NASA has just announced that Nexus for Exoplanet System Science (NExSS) is in the running set up a foundation to provide future space and terrestrially-based observatories. The observatory will have the ability to evaluate the environment of an exo-planet investigated. The announcement was made in preparation for the 25th anniversary of the launch of the Hubble Telescope. NExSS requires the contribution ofall the scientists in the world regarding the biological interactions with the planet’s atmosphere, mountains, craters, land forms, and oceans.This study is required for more accurate and better searches on extraterrestrial life in the future of space expedition.
As per NASA these observatories will have the capabilities to evaluate the environments of exo-planets located far away from earth in order to look for any evidence of life.
The announcement came ahead of April 24 ceremonies that mark the 25th anniversary of the launch of the Hubble Space Telescope.
The initiatives by NExSS will tap the expertise of the Earth and planetary science communities.
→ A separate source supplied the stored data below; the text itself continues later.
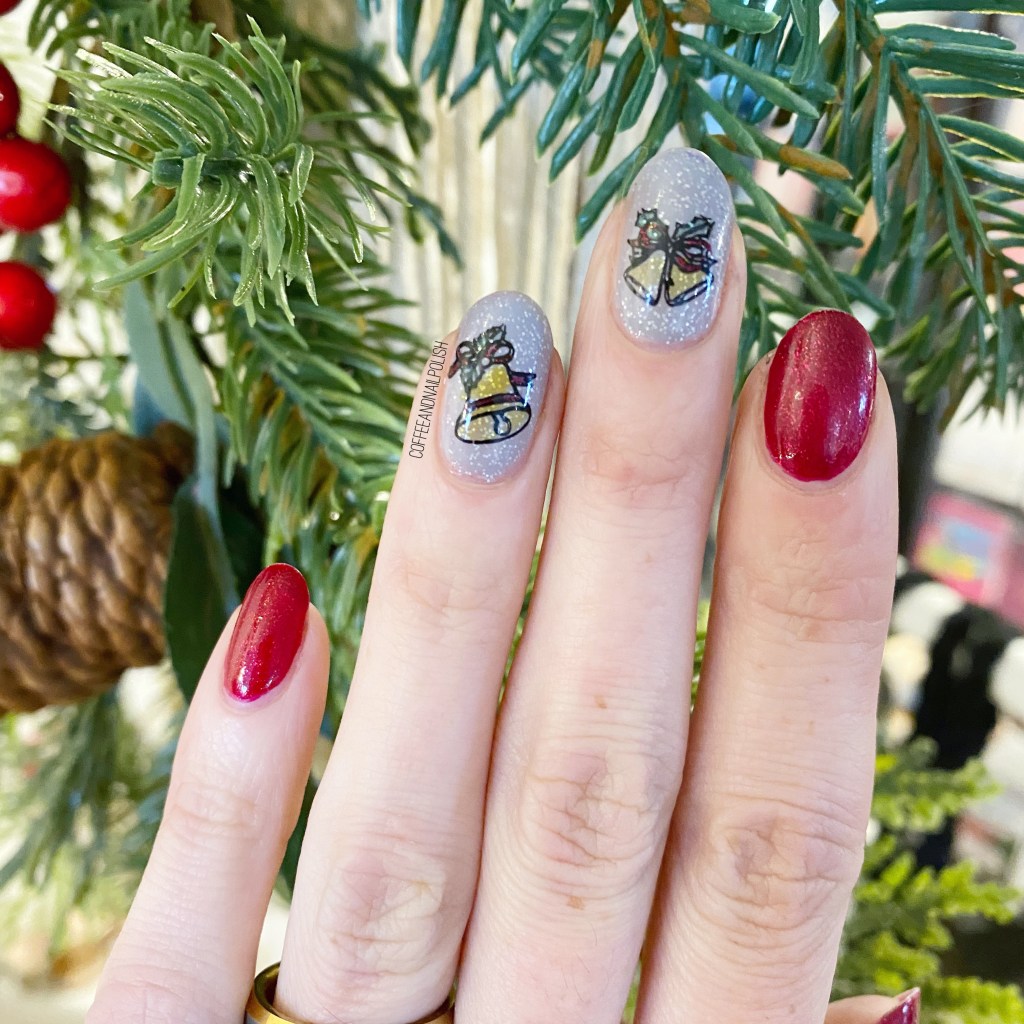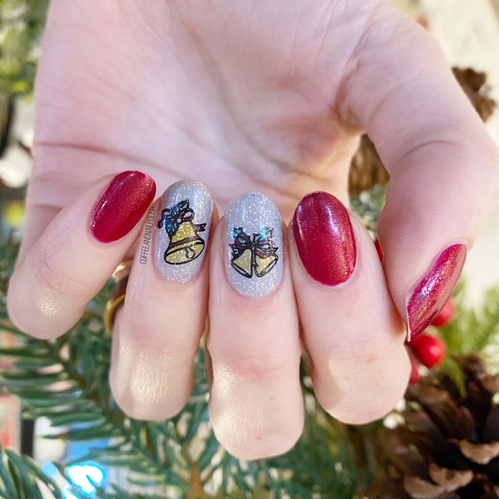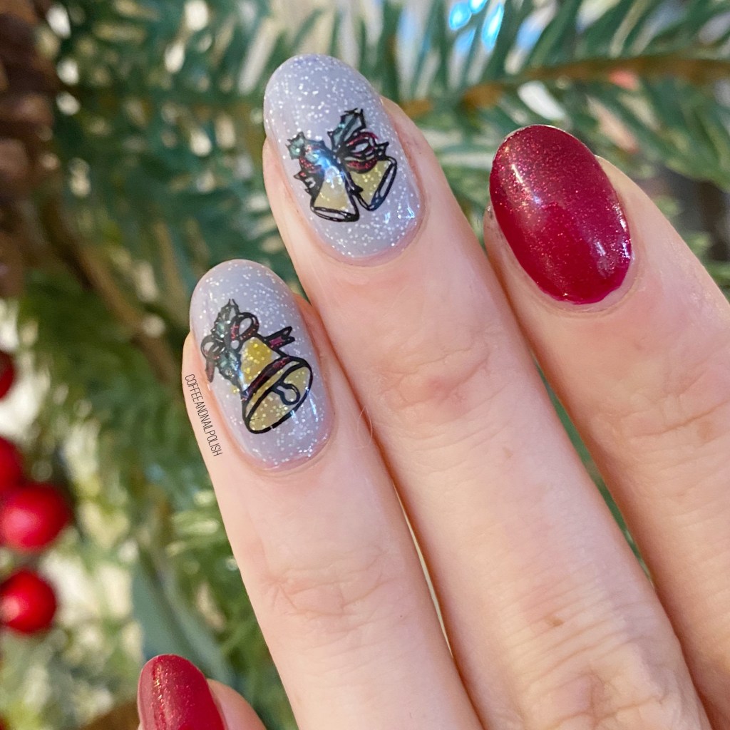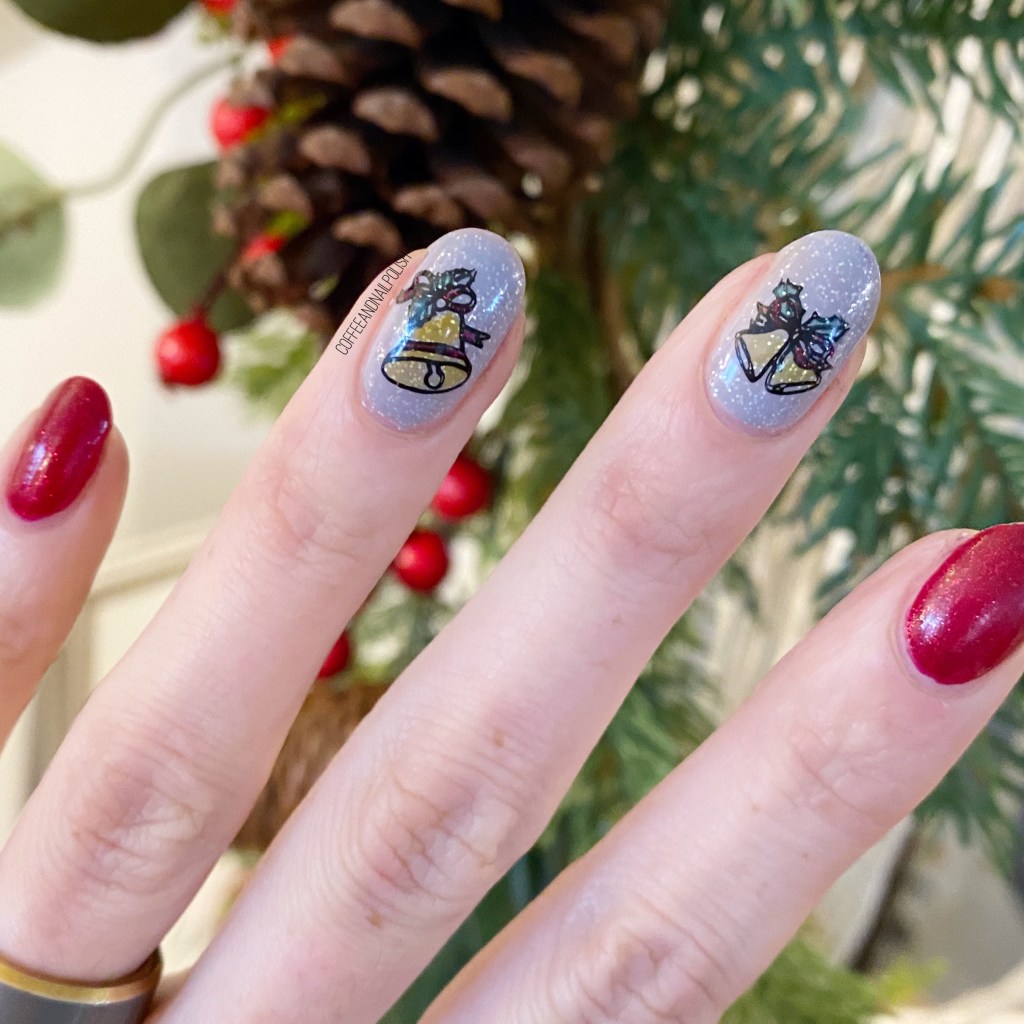 I started over with a base of my two colours which are both shades from the new Sally Hansen Miracle Gel Joy of Colour collection for Holidays 2021, that were so kindly gifted to me from Sally Hansen. I really like the soft grey with sparkle of Gift for Blue against the more poppy brightness of Red It Twice. Next I stamped the bell image onto my nail using my Nailstuff stamper & Starrily Vantablack. I knew that it needed some kind of colour, so with a very tiny detail brush, I went in with my Essie Water-colours shade Muse Myself… which, over the sparkle, totally comes across as gold! I finished with some red & green accents, just to tie everything together, & topped everything with topcoat to seal the look in.
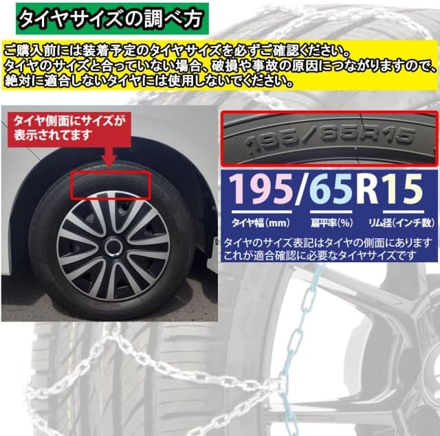 ■ジャッキアップ不要で取り付け可能 ■横滑りに強く静寂性に優れた亀甲型 ※事前に、取り付け、取り外し練習を行ってください ※タイヤチェーン装着時は30km/h以下で走行してください。(高速道路も同様)※この商品はラジアルタイヤ(夏用タイヤ)基準となっております。スタッドレスタイヤなど、一部装着できない場合があります。※装着にはタイヤと車体の間隔(クリアランス)が5cm以上必要です。また、車体と積載物の合計重量が2t以内でないと装着できません。
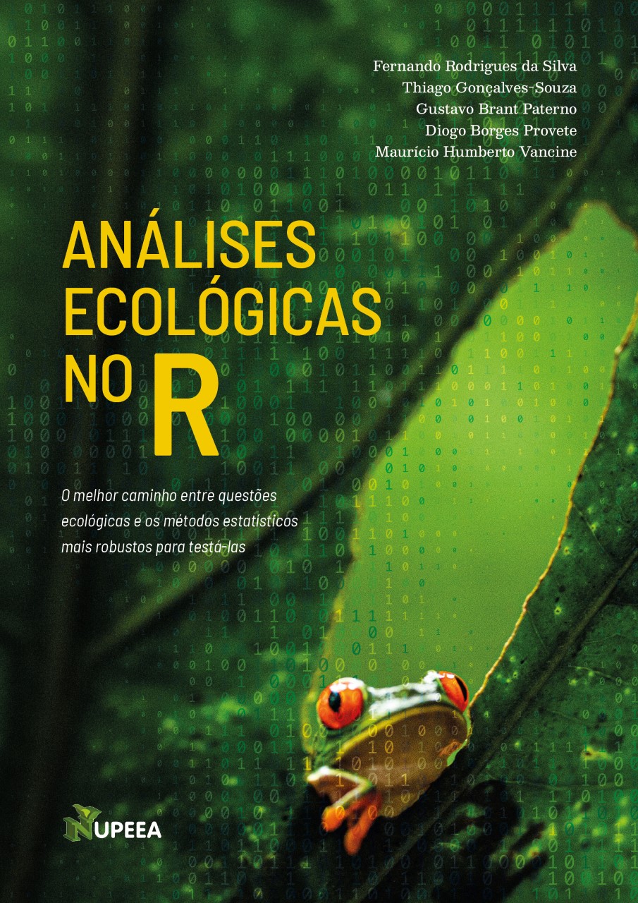 15 capítulos: linguagem R, tidyverse, perguntas em ecologia, análises univariadas, multivariadas e geoespaciais
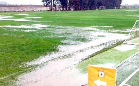 La cancha de fútbol del Estadio Fiscal quedó bajo el agua con el desborde del río Claro.
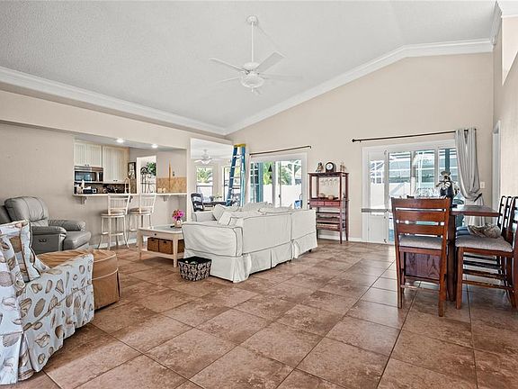 Welcome to resort-style living in the highly sought-after Crystal Beach Estates, with no HOA dues or flood ins. required! This 3-bedroom, 3-bathroom with its coastal charm, is located on a quiet cul-de-sac in an exceptional location. Step through the custom front doors and be greeted by high vaulted ceilings, an open-concept layout, and an abundance of natural light. Spacious and welcoming floor plan seamlessly connects the living, dining, and kitchen areas, creating an ideal space for entertaining. Kitchen, features custom ranch-style cabinets and a cozy kitchen nook. The master suite, with slighted, vaulted ceiling, is complete with a walk-in closet and sliding glass doors that open directly to outdoor pool area. Ample storage throughout, a washer/dryer, and double sliding glass doors that creates perfect indoor-outdoor living. 5-ton HVAC system (2021); roof (2006), water heater (2006). Backyard oasis comes with a heated Chlorine pool (with an option to convert to saltwater). The outdoor entertainment area comes with a separate full cabana bathroom. Perfect for pool days, gatherings, and entertaining, this home is an entertainer’s paradise. The exceptional location puts you just minutes from Honeymoon Island State Park, vibrant shopping, and top-rated restaurants, offering the best of Palm Harbor’s coastal lifestyle. Don’t miss this rare opportunity to own a move-in-ready home in Crystal Beach Estates with no HOA fees.
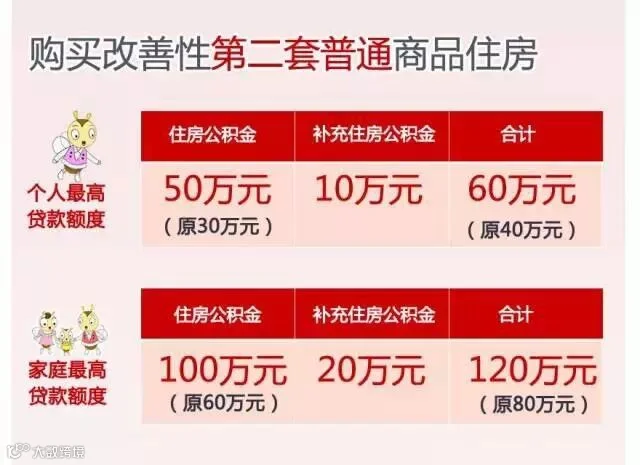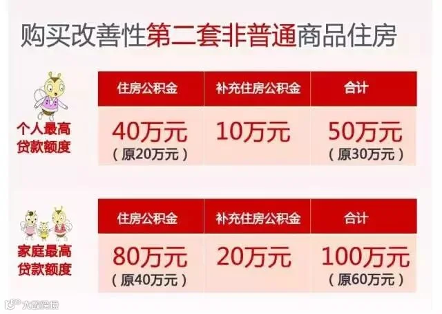 个人最高贷款额度由20万元调整至40万元,家庭最高贷款额度由40万元调整至80万元;缴交补充公积金的,个人最高贷款额度在40万元基础上增加10万元保持不变,家庭最高贷款额度在80万元基础上增加20万元保持不变。
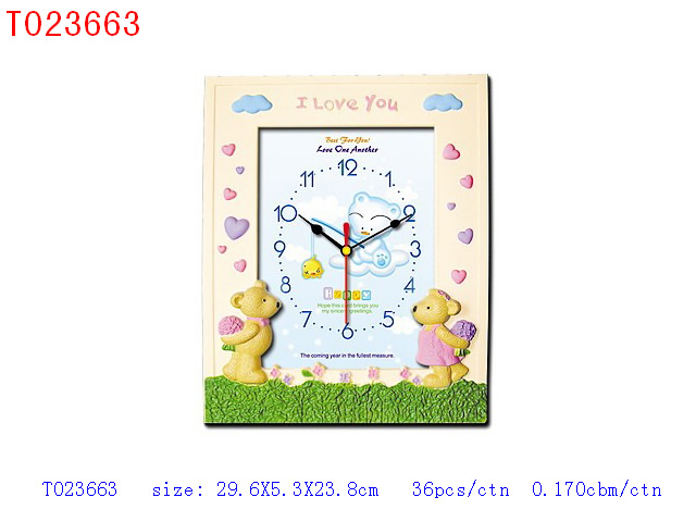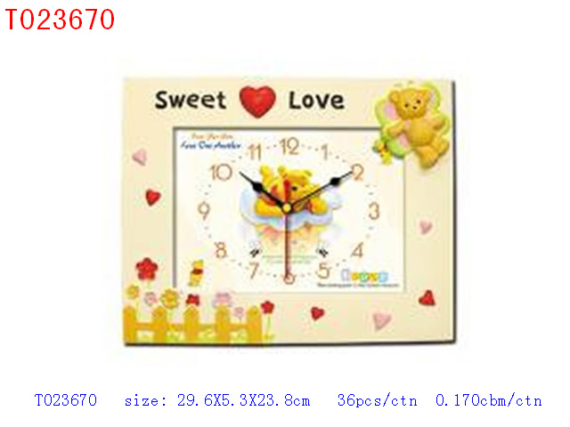 桃心双熊相架钟无音乐报时、八种卡通图案 |
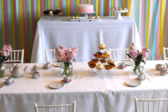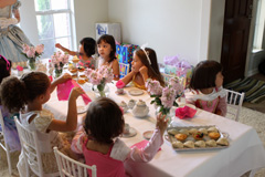 UAU! Amei. Achei tudo perfeito, acho que se colocasse mais coisa ia estragar. Eu ja fiz cha la em casa pras adultas, eh sempre muito gostoso. Mas acho que ia ainda ser mais divertido se colocassemos chapeus e luvas. 😉

Also the multi-institute would also expertise solar physicists and astrophysicists in order to learn how biology interacts with planetary atmospheres, land forms, oceans and interiors.
This scientific interplay aims to help experts to improve a search for extraterrestrial life. The search for life on exo-planets has been largely limited to listening for broadcast signals from possible intelligent life in distant star systems.
Jim Green, NASA’s Director of Planetary Science, said, “This interdisciplinary endeavor connects top research teams and provides a synthesized approach in the search for planets with the greatest potential for signs of life”.
NASA’s Kepler space telescope launched in 2006 has also helped a lot in the search for planets. It so far has detected nearly 1,019 exo-planets, and more than 4,633 candidates discovered by the telescope are still waiting for the confirmation.
Findings made by Kepler suggest that such planets are in bulk among the billions of stars that populate the Milky Way. But still looking for a earth-like planet and analyzing their atmosphere still remains a technical challenge.
NExSS will be led by Natalie Batalha of NASA’s Ames Research Center, Dawn Gelino of the NASA Exoplanet Science Institute, and Anthony del Genio of NASA’s Goddard Institute for Space Studies.